L’art. 172 del Codice della Strada recita che “i bambini di statura inferiore a 1,50 metri devono essere assicurati al sedile con un sistema di ritenuta per bambini, adeguato al loro peso…“. Pertanto, la normativa italiana prevede l’utilizzo del seggiolino per tutti i bambini, dalla loro nascita fino ai 150 cm di altezza.
Quest’anno sono state inserite delle nuove regole sull’utilizzo di seggiolini e alzatine infatti, per queste ultime (a partire dall’estate) sarà vietata la vendita per i bambini di altezza inferiore a 125 cm per i quali sarà invece obbligatorio un seggiolino con schienale.

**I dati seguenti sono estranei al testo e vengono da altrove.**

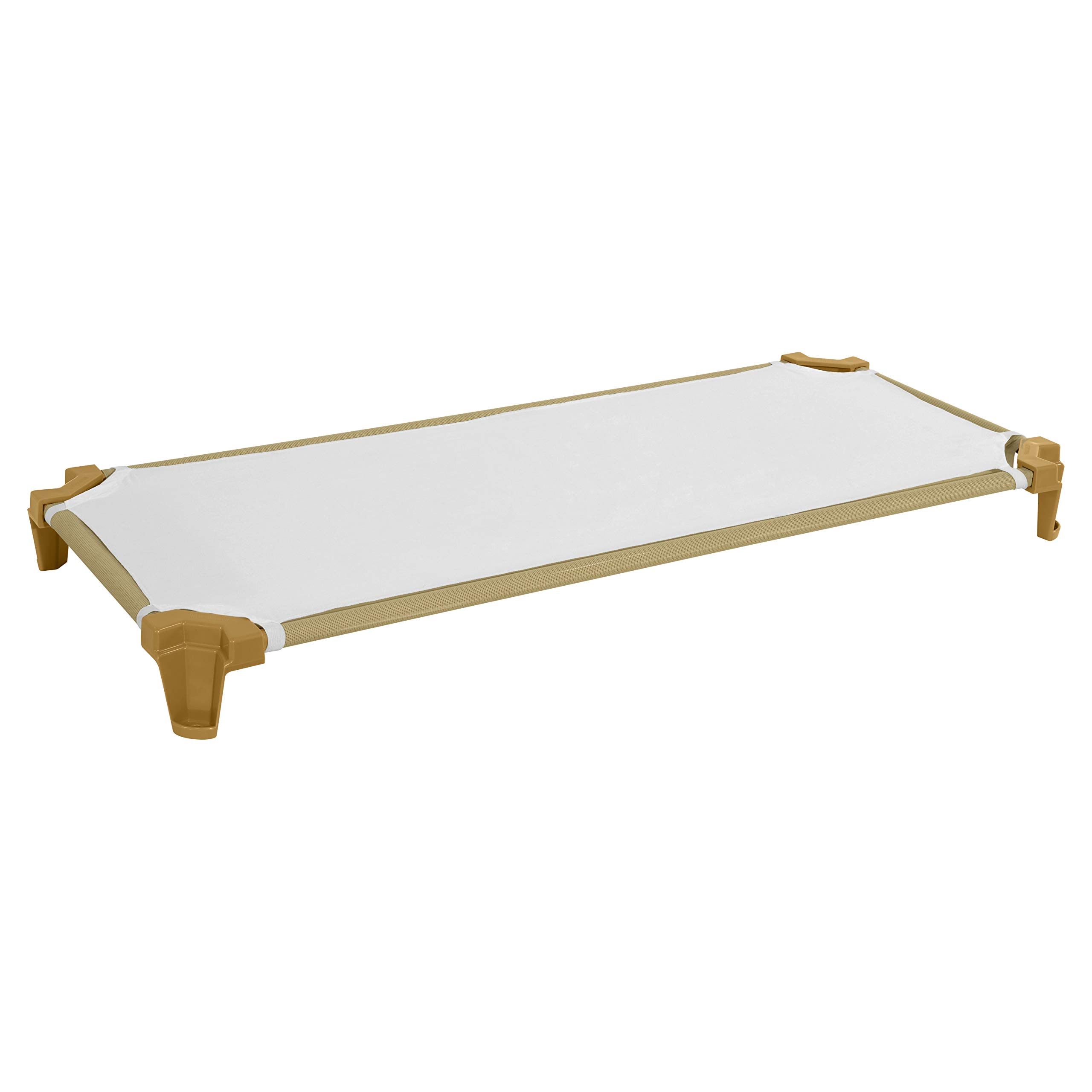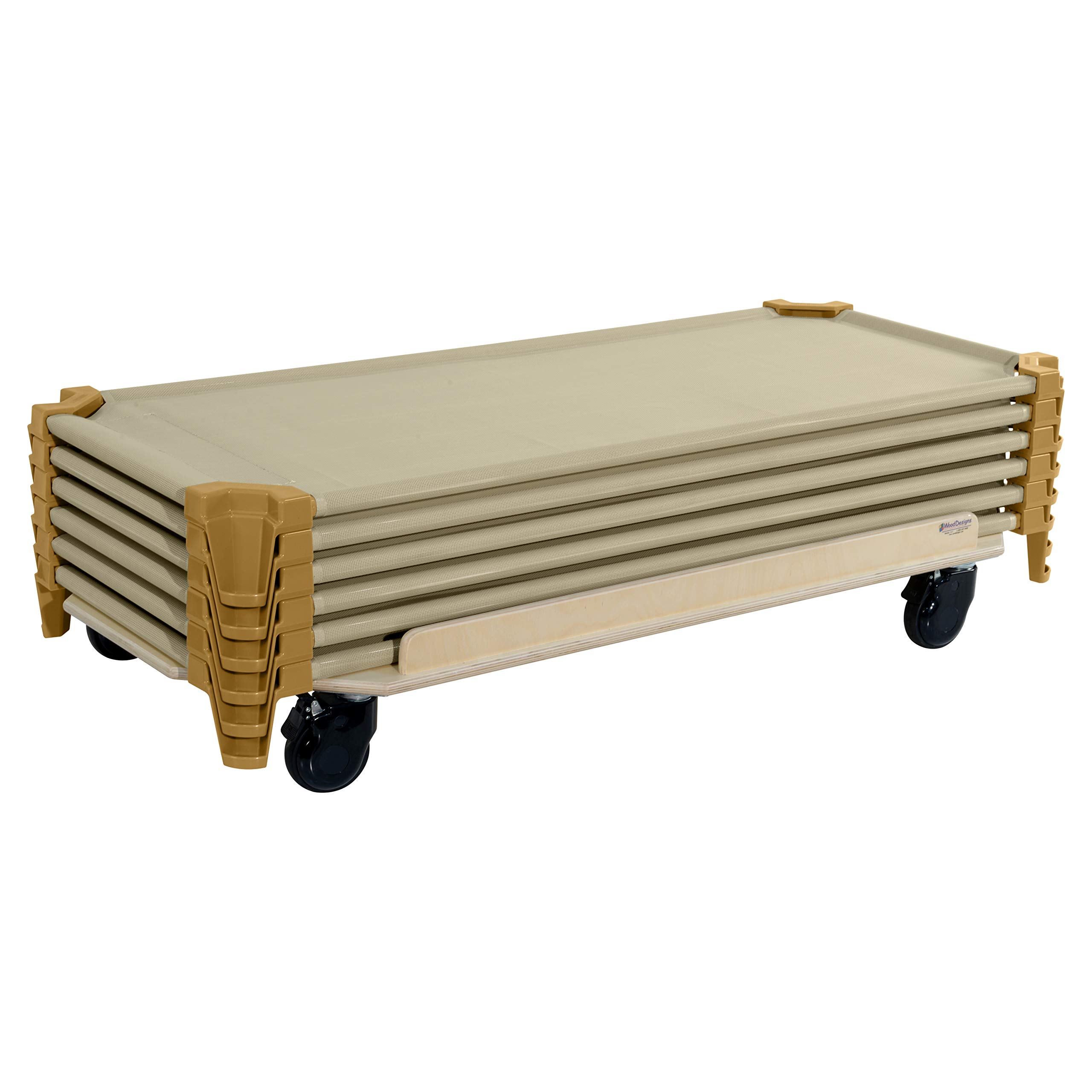 Preserve valuable classroom space with Wood Designs' space saving cot design in Tan. Children will rest comfortably with strong anti-sagging vinyl mesh fabric and extra strong ABS plastic for all corners featuring excellent impact resistance, strength, and toughness. Our cots are heavy duty, powder coated Tan, with 16 gauge metal bars that won't bend from use, and a combination of heat sealed and sewn seams for ultimate durability. Vinyl mesh fabric is removable and machine washable with hook and loop closure at the foot end to ensure a taut sleeping surface. (6) soft white cotton sheets for our standard cots. Easily washable and and removable. Exceeds cft-115/116 Flammability standards. - Ready To Assemble. - 10 Year Warranty. - GREENGUARD gold certified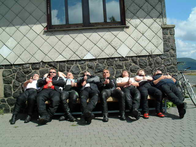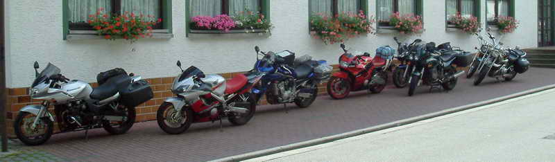 1. Tourtag: Um 14:00 Uhr soll Abfahrt sein. Wir treffen uns bei mir zu Hause. Ich habe mir nach der Nachtschicht den Wecker auf 12:00 Uhr gestellt. Mein erster Blick nach dem Aufstehen geht Richtung Himmel. Aaaah, es ist trocken, super! 13:30 Uhr, der erste Tourfahrer trifft ein, es ist noch immer trocken. 14:00 Uhr, die Letzten treffen ein, es beginnt zu regnen. Bis 14:30 Uhr stehen wir im Hausflur und sehen dem Regen zu. Dann der Entschluss: Regensachen anziehen und los, ab durch den Regen! Erste Pause Rasthof Siegerland. Der Regen hört auf und die Sonne blinzelt durch die Wolken. Die Stimmung ist ist noch recht gut, Thema ist natürlich nur das Wetter. Ok, Pause zu Ende, es geht weiter. Wieder auf die Autobahn - es fängt an zu regnen. Bei Wetzlar bekommen wir dann TOP- Zuschlag. Wir fahren mit max. 60 km/h in eine Weltuntergangsstimmung aus dunkelsten Wolken mit viel Wasser um uns herum und überlegen, ob die Fahrt ohne Sauerstoffgeräte zu überleben ist. Ich halte Ausschau nach einer Ausfahrt, an der man sich nach der Abfahrt unter eine Autobahnbrücke stellen kann - Fehlanzeige! Alle Straßen führen über die Autobahn! Also durch bis zur Abfahrt 37 (Wölfersheim). Ab hier hört es tatsächlich auf zu Regnen. Die ersten undichten Stiefel und vollgesaugten Handschuhe sind zu beklagen. Ich ärgere mich wahnsinnig darüber mein Pinlock- Visier daheim gelassen zu haben. Die letzten km bis zum Hotel fahren wir dann zwar über nasse Straßen aber ohne Regen. 19:00 Uhr, am Hotel ist alles trocken und die verdutzten Blicke vom Chef verbunden mit der Frage:"Oh, seid ihr nass geworden?" zeigen, dass es hier wohl nicht geregnet hat.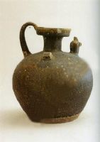 壺盤(pán)口、細(xì)頸、無(wú)肩、腹圓鼓,壺身肥大,呈球狀,無(wú)足平底,腹底部露胎,胎呈灰色,施黑釉,釉面不均勻,有漏釉,開(kāi)片紋,龍形把手,上端聯(lián)于盤(pán)口沿,下端聯(lián)于壺上腹,雞首形的流,長(zhǎng)頸高冠,圓腹上方兩邊有對(duì)稱(chēng)的橋形鈕。根據(jù)龍把雞首壺的造型及黑釉的特點(diǎn),該器為典型的東晉德清窯產(chǎn)品。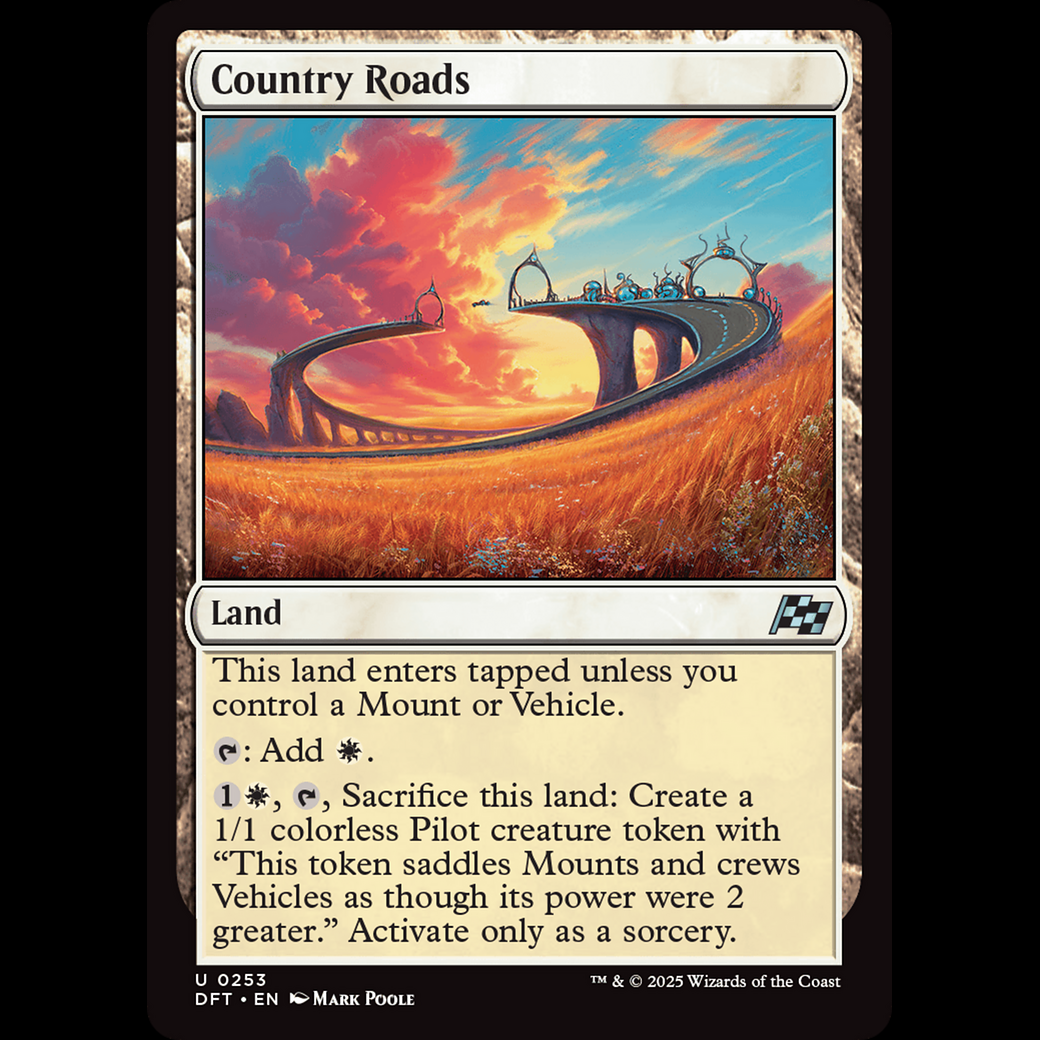 , , Sacrifice this land: Create a 1/1 colorless Pilot creature token with "This token saddles Mounts and crews Vehicles as though its power were 2 greater." Activate only as a sorcery.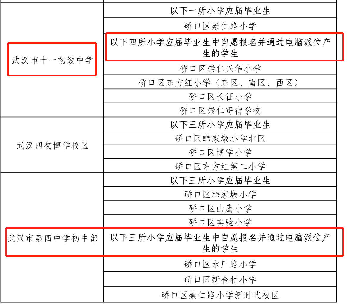 其中,十一初除了招收崇仁路小学的毕业生外,周边的崇仁兴华小学、长征小学、东方红小学、硚口区崇仁寄宿学校4所小学毕业生也可自愿报名,通过电脑派位升入十一初。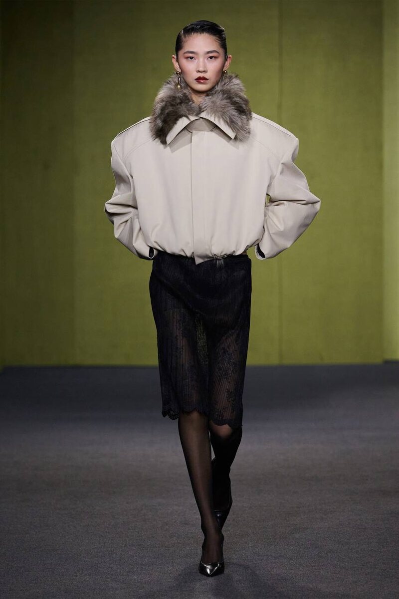 Коллекция — про женщину, которой хочется стать, но которую невозможно описать одним образом. Дизайнер Yirantian Guo собирает многослойный характер через одежду — сложную, противоречивую, как и сама современная женщина. Три архетипа: — Бизнесвумен: строгий тейлоринг, кожа и шерсть, четкие линии и контроль — Современная домохозяйка: внешняя сила + внутренняя мягкость, объем, фактуры, контраст форм — Фриланс: независимость, свобода, осознанный выбор своего пути Через игру жесткого и мягкого, структуры и текучести Guo показывает не роль, а состояние — женщину, которая сама себя собирает. Очень точное попадание в ДНК новой независимой аудитории Китая: self-made, self-aware, self-defined.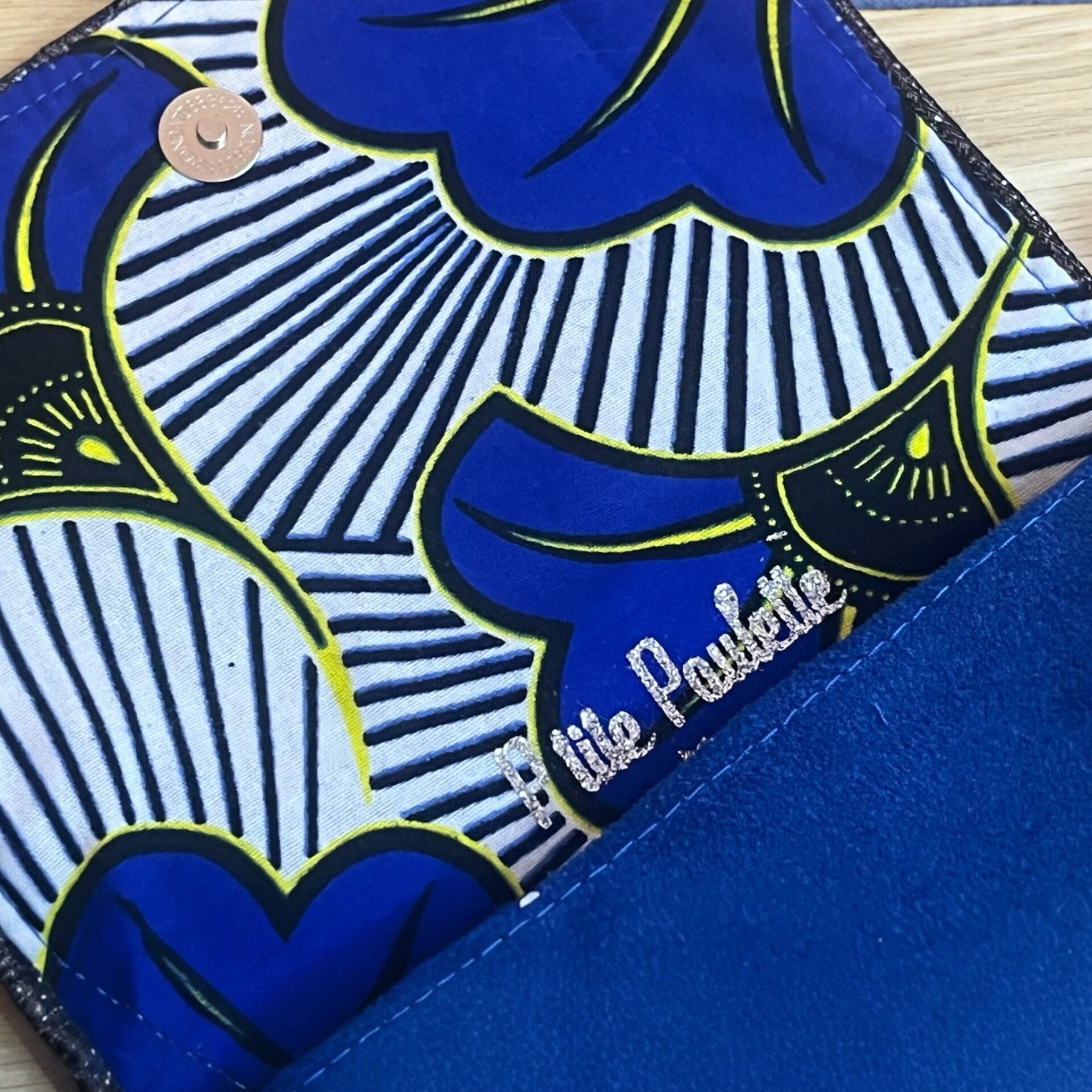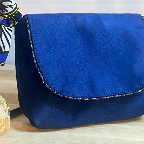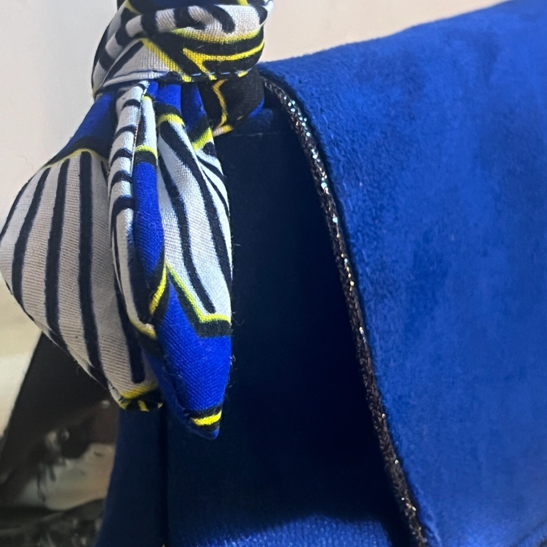 Le mini sac besace en suédine bleu roi et wax- Création artisanale française

L’alzatina o booster è un sedile molto simile ad un cuscino, molto semplice da posizionare in auto che permette di sollevare il bambino di circa 10-15 cm in modo tale che raggiunga un’altezza adatta per utilizzare le classiche cinture di sicurezza. La limitazione dell’utilizzo per i bambini di altezza inferiore a 125 cm è stato ideato per aumentare la sicurezza dei passeggeri più piccoli e per evitare che la cintura venga posizionata all’altezza del collo, diventando molto pericolosa in caso di urto.
Chi non rispetterà tali obblighi andrà incontro a sanzioni abbastanza salate, da 80 a 323 euro e con due multe nel corso di due anni ci sarà la sospensione della patente da un minimo di 15 giorni ad un massimo di 2 mesi.